> WHAT NEEDS TO BE DONE:
The full text of the records below, minus any pictures, should be given back word for word.

[Opening DATA PROVIDED section]

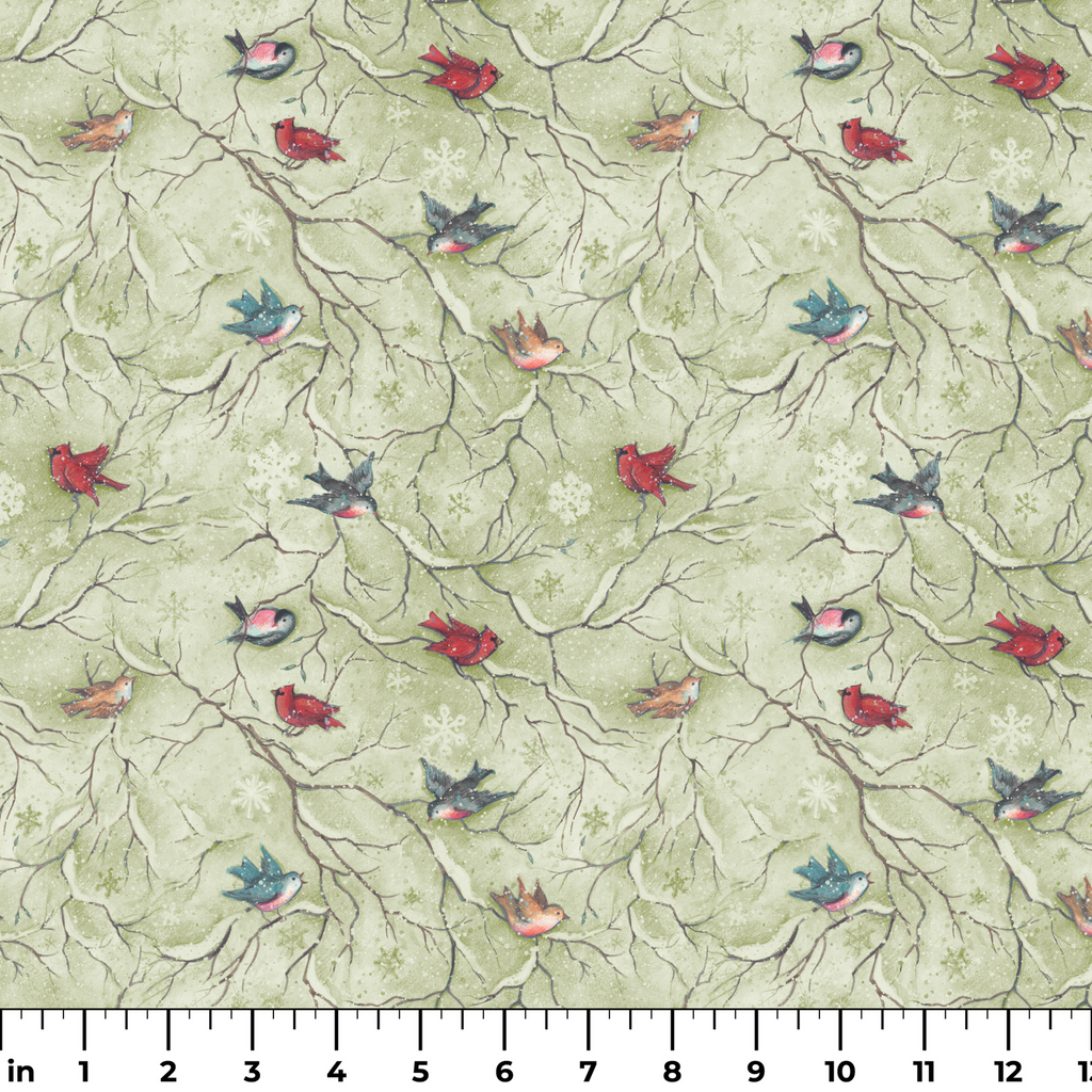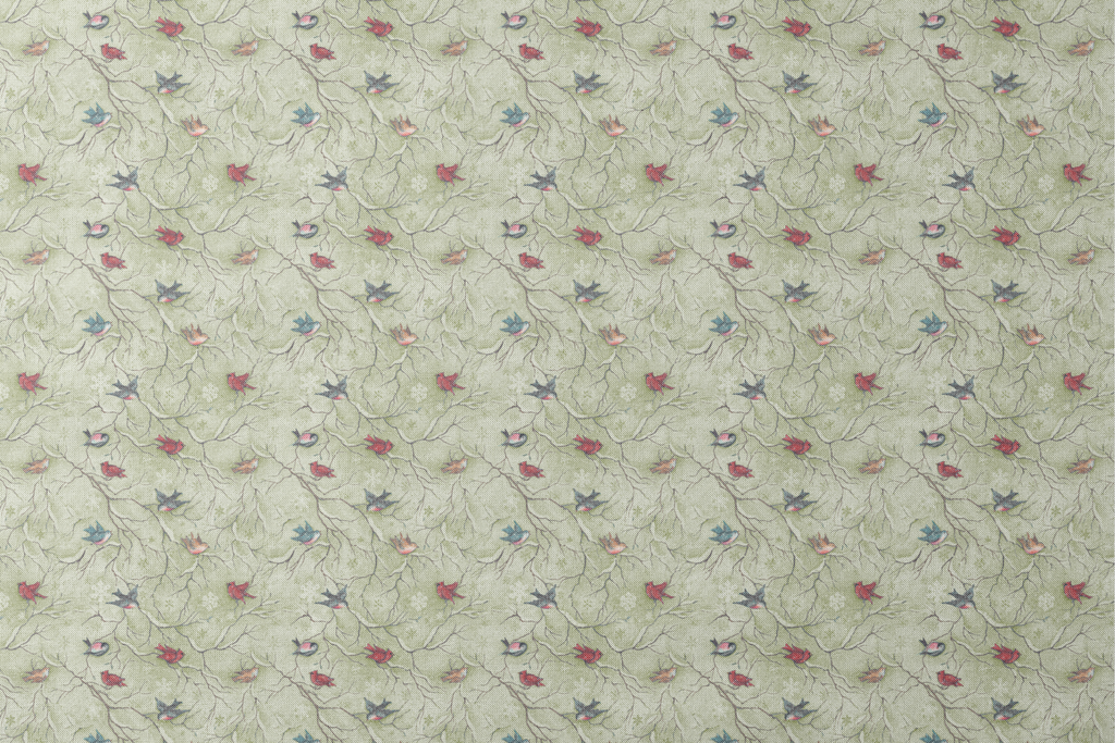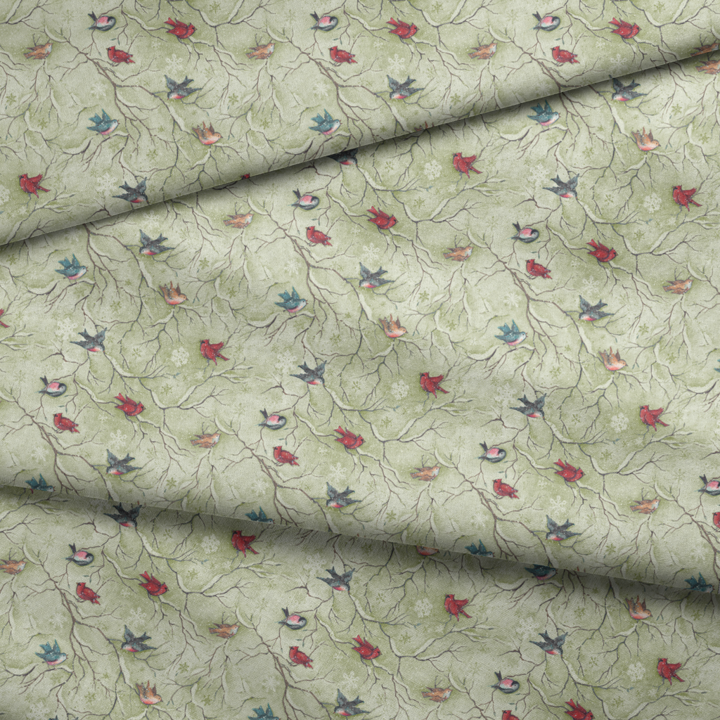 Delicate watercolor birds in vibrant red and blue hues flutter among soft green branches, creating a whimsical woodland pattern perfect for nature-inspired home décor or quilting projects.
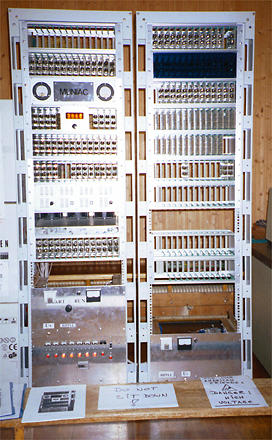 MUNIAC Andererseits hatte sich dort ein absolutes Unikat eingefunden: Der MUNIAC, ein von einem Münchner (John Zabolitzky) anno 2000 gebauter Röhrencomputer! Fast genauso beeindruckend wie die zwei hohen mit Röhren gefüllten 19"-Racks war die daneben aufgebaute Data General Konsole, die, obwohl Baujahr 1988, den Flair der 60er Jahre in sich trug.
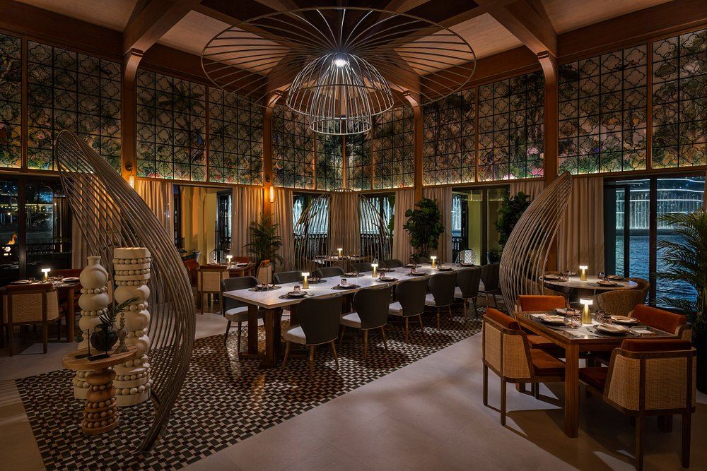 在杜拜噴泉旁的 Thiptara 餐廳品嚐精緻泰式皇家料理。在星空下露天用餐,欣賞噴泉表演的絕佳視野,是浪漫夜晚或特別慶典的理想選擇。
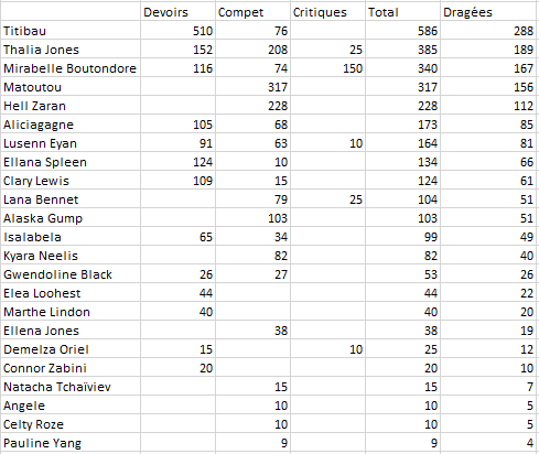 ![]() Titibau Meilleur pointeur avec 510 points ![]() Matoutou Meilleure compétitrice avec 317 points ![]() Mirabelle Boutondore Meilleure critique avec 30 critiques Félicitations à vous trois ! Vous entrez une fois de plus au Panthéon de Serdaigle ! Les plus assidus le savent, ce post est également l'occasion de revenir sur le titre tant attendu de Serdaigle de la Coupe. Cette fois-ci, notre regard s'est porté sur une membre hyperactive de notre maison. Elle a tout d'une Serdaigle, s'implique dans les moindres recoins du Château, est toujours présente pour aider ses camarades ou même papoter, et a remporté l'animation de l'été. Vous aurez bien entendu reconnu Ellena Jones, qui en plus de remporter 50 dragées supplémentaires, gagne son ticket pour le Club de Slug ! Bravo ! ![]() Ellena Jones Serdaigle de la Coupe Félicitations ! ICI, retrouvez en détail les participations de chacun et les récompenses en dragées associées. |
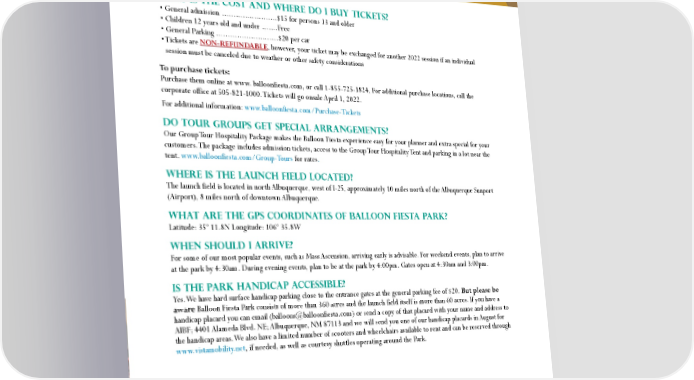 S S S S BALLOON FIE TA FREQUENTLY A KED QUE TION WHAT IS THE COST AND WHERE DO I BUY TICKETS? • General admission ........................$15 for persons 13 and older • Children 12 years old and under .......Free • General Parking ...........................$20 per car • Tickets are NON-REFUNDABLE, however, your ticket may be exchanged for another 2022 session if an individual session must be canceled due to weather or other safety considerations To purchase tickets: Purchase them online at www. balloonfiesta.com, or call 1-855-725-1824, For additional purchase locations, call the corporate office at 505-821-1000. Tickets will go onsale April 1, 2022. For additional information: www.balloonfiesta.com/Purchase-Tickets DO TOUR GROUPS GET SPECIAL ARRANGEMENTS? Our Group Tour Hospitality Package makes the Balloon Fiesta experience easy for your planner and extra special for your customers. The package includes admission tickets, access to the Group Tour Hospitality Tent and parking in a lot near the tent. www.balloonfiesta.com/Group-Tours for rates. WHERE IS THE LAUNCH FIELD LOCATED? The launch field is located in north Albuquerque, west of I-25, approximately 10 miles north of the Albuquerque Sunport (Airport), 8 miles north of downtown Albuquerque. WHAT ARE THE GPS COORDINATES OF BALLOON FIESTA PARK? Latitude: 35º 11.8N Longitude: 106º 35.8W WHEN SHOULD I ARRIVE? For some of our most popular events, such as Mass Ascension, arriving early is advisable. For weekend events, plan to arrive at the park by 4:30am. During evening events, plan to be at the park by 4:00pm. Gates open at 4:30am and 3:00pm. IS THE PARK HANDICAP ACCESSIBLE? Yes. We have hard surface handicap parking close to the entrance gates at the general parking fee of $20. But please be aware Balloon Fiesta Park consists of more than 360 acres and the launch field itself is more than 60 acres. If you have a handicap placard you can email ([email protected]) or send a copy of that placard with your name and address to AIBF; 4401 Alameda Blvd. NE; Albuquerque, NM 87113 and we will send you one of our handicap placards in August for the handicap areas. We also have a limited number of scooters and wheelchairs available to rent and can be reserved through www.vistamobility.net, if needed, as well as courtesy shuttles operating around the Park. HOW DO WE CONTACT THE BALLOON FIESTA DIRECTLY? E-mail us at [email protected] for the quickest response 4401 Alameda Boulevard NE, Albuquerque, NM 87113 Toll-Free 1-888-422-7277 Phone 505-821-1000 Fax: 505-828-2887
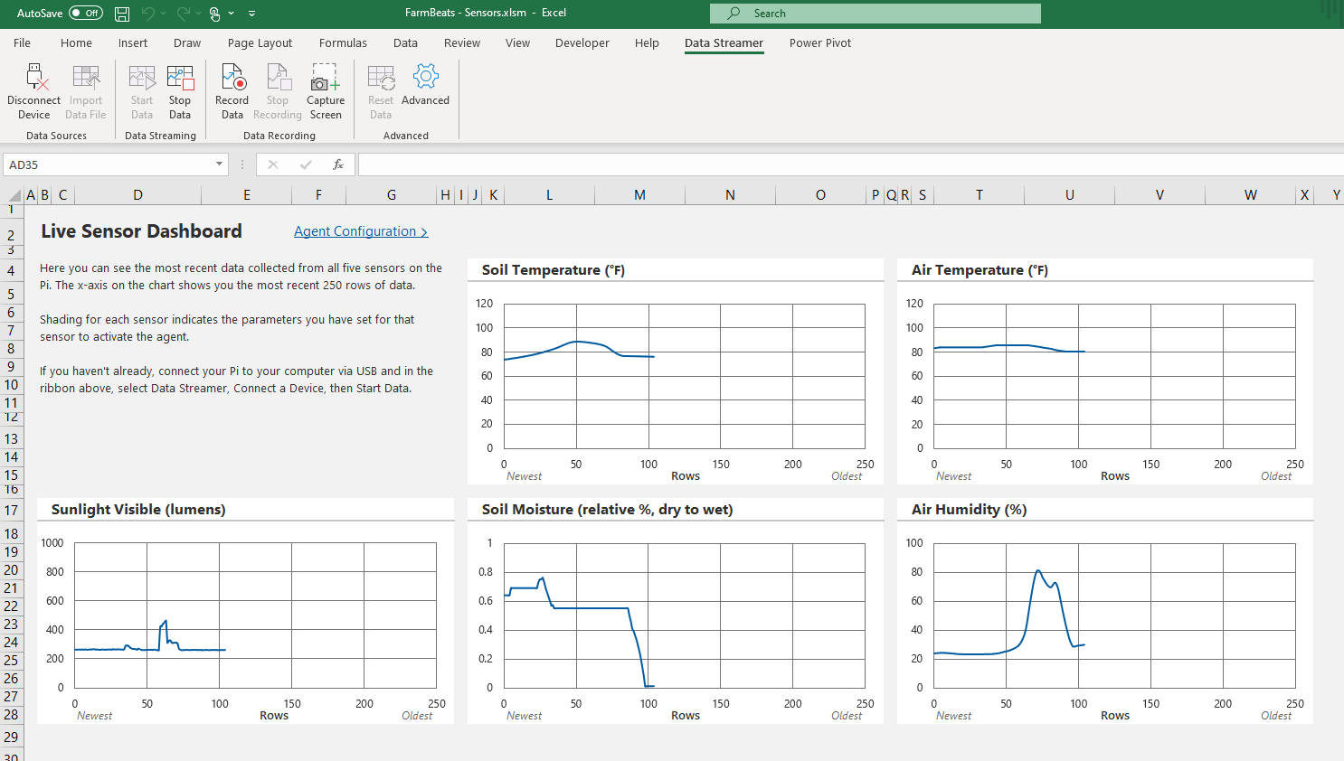 The program combines an affordable hardware kit with curriculum and activities designed to give students hands-on experience in applying precision agriculture techniques to food production. Using an array of sensors, students stream and analyze data in Excel.
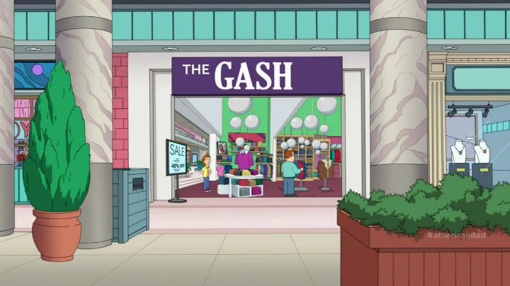 When Francine decides to bond with Steve by teaching him how to shoplift in "Crotchwalkers", she steers him away from The Gash, fearful of their security. When they admit they stole goods they give to the family, Stan forces them to promise to stop shoftlifting. When Steve rejects spending other time with Francine, she decides for them to go out with one last heist at The Gash, releasing a horde of rats in a dressing room as Steve tries to tuck a garment under his shirt but is caught and sent off to work in The Gash Sweatshop.
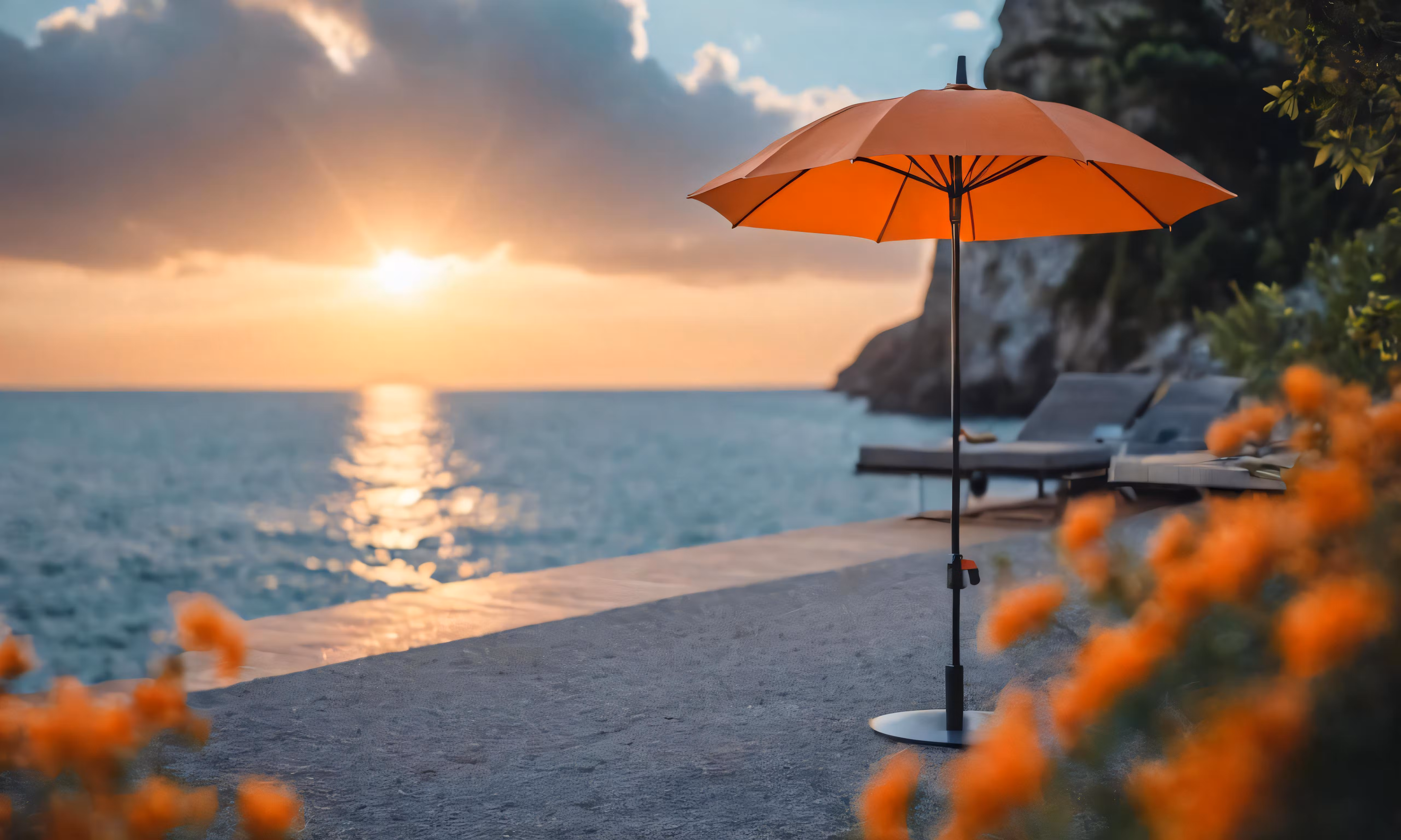 High resolution picture, free to use, a sunset over the ocean with an umbrella

[Closing DATA PROVIDED section]

> ANSWER BELOW:
 Delicate watercolor birds in vibrant red and blue hues flutter among soft green branches, creating a whimsical woodland pattern perfect for nature-inspired home décor or quilting projects.
 MUNIAC Andererseits hatte sich dort ein absolutes Unikat eingefunden: Der MUNIAC, ein von einem Münchner (John Zabolitzky) anno 2000 gebauter Röhrencomputer! Fast genauso beeindruckend wie die zwei hohen mit Röhren gefüllten 19"-Racks war die daneben aufgebaute Data General Konsole, die, obwohl Baujahr 1988, den Flair der 60er Jahre in sich trug.
 在杜拜噴泉旁的 Thiptara 餐廳品嚐精緻泰式皇家料理。在星空下露天用餐,欣賞噴泉表演的絕佳視野,是浪漫夜晚或特別慶典的理想選擇。
 ![]() Titibau Meilleur pointeur avec 510 points ![]() Matoutou Meilleure compétitrice avec 317 points ![]() Mirabelle Boutondore Meilleure critique avec 30 critiques Félicitations à vous trois ! Vous entrez une fois de plus au Panthéon de Serdaigle ! Les plus assidus le savent, ce post est également l'occasion de revenir sur le titre tant attendu de Serdaigle de la Coupe. Cette fois-ci, notre regard s'est porté sur une membre hyperactive de notre maison. Elle a tout d'une Serdaigle, s'implique dans les moindres recoins du Château, est toujours présente pour aider ses camarades ou même papoter, et a remporté l'animation de l'été. Vous aurez bien entendu reconnu Ellena Jones, qui en plus de remporter 50 dragées supplémentaires, gagne son ticket pour le Club de Slug ! Bravo ! ![]() Ellena Jones Serdaigle de la Coupe Félicitations ! ICI, retrouvez en détail les participations de chacun et les récompenses en dragées associées. |
 S S S S BALLOON FIE TA FREQUENTLY A KED QUE TION WHAT IS THE COST AND WHERE DO I BUY TICKETS? • General admission ........................$15 for persons 13 and older • Children 12 years old and under .......Free • General Parking ...........................$20 per car • Tickets are NON-REFUNDABLE, however, your ticket may be exchanged for another 2022 session if an individual session must be canceled due to weather or other safety considerations To purchase tickets: Purchase them online at www. balloonfiesta.com, or call 1-855-725-1824, For additional purchase locations, call the corporate office at 505-821-1000. Tickets will go onsale April 1, 2022. For additional information: www.balloonfiesta.com/Purchase-Tickets DO TOUR GROUPS GET SPECIAL ARRANGEMENTS? Our Group Tour Hospitality Package makes the Balloon Fiesta experience easy for your planner and extra special for your customers. The package includes admission tickets, access to the Group Tour Hospitality Tent and parking in a lot near the tent. www.balloonfiesta.com/Group-Tours for rates. WHERE IS THE LAUNCH FIELD LOCATED? The launch field is located in north Albuquerque, west of I-25, approximately 10 miles north of the Albuquerque Sunport (Airport), 8 miles north of downtown Albuquerque. WHAT ARE THE GPS COORDINATES OF BALLOON FIESTA PARK? Latitude: 35º 11.8N Longitude: 106º 35.8W WHEN SHOULD I ARRIVE? For some of our most popular events, such as Mass Ascension, arriving early is advisable. For weekend events, plan to arrive at the park by 4:30am. During evening events, plan to be at the park by 4:00pm. Gates open at 4:30am and 3:00pm. IS THE PARK HANDICAP ACCESSIBLE? Yes. We have hard surface handicap parking close to the entrance gates at the general parking fee of $20. But please be aware Balloon Fiesta Park consists of more than 360 acres and the launch field itself is more than 60 acres. If you have a handicap placard you can email ([email protected]) or send a copy of that placard with your name and address to AIBF; 4401 Alameda Blvd. NE; Albuquerque, NM 87113 and we will send you one of our handicap placards in August for the handicap areas. We also have a limited number of scooters and wheelchairs available to rent and can be reserved through www.vistamobility.net, if needed, as well as courtesy shuttles operating around the Park. HOW DO WE CONTACT THE BALLOON FIESTA DIRECTLY? E-mail us at [email protected] for the quickest response 4401 Alameda Boulevard NE, Albuquerque, NM 87113 Toll-Free 1-888-422-7277 Phone 505-821-1000 Fax: 505-828-2887
 The program combines an affordable hardware kit with curriculum and activities designed to give students hands-on experience in applying precision agriculture techniques to food production. Using an array of sensors, students stream and analyze data in Excel.
 When Francine decides to bond with Steve by teaching him how to shoplift in "Crotchwalkers", she steers him away from The Gash, fearful of their security. When they admit they stole goods they give to the family, Stan forces them to promise to stop shoftlifting. When Steve rejects spending other time with Francine, she decides for them to go out with one last heist at The Gash, releasing a horde of rats in a dressing room as Steve tries to tuck a garment under his shirt but is caught and sent off to work in The Gash Sweatshop.
 High resolution picture, free to use, a sunset over the ocean with an umbrella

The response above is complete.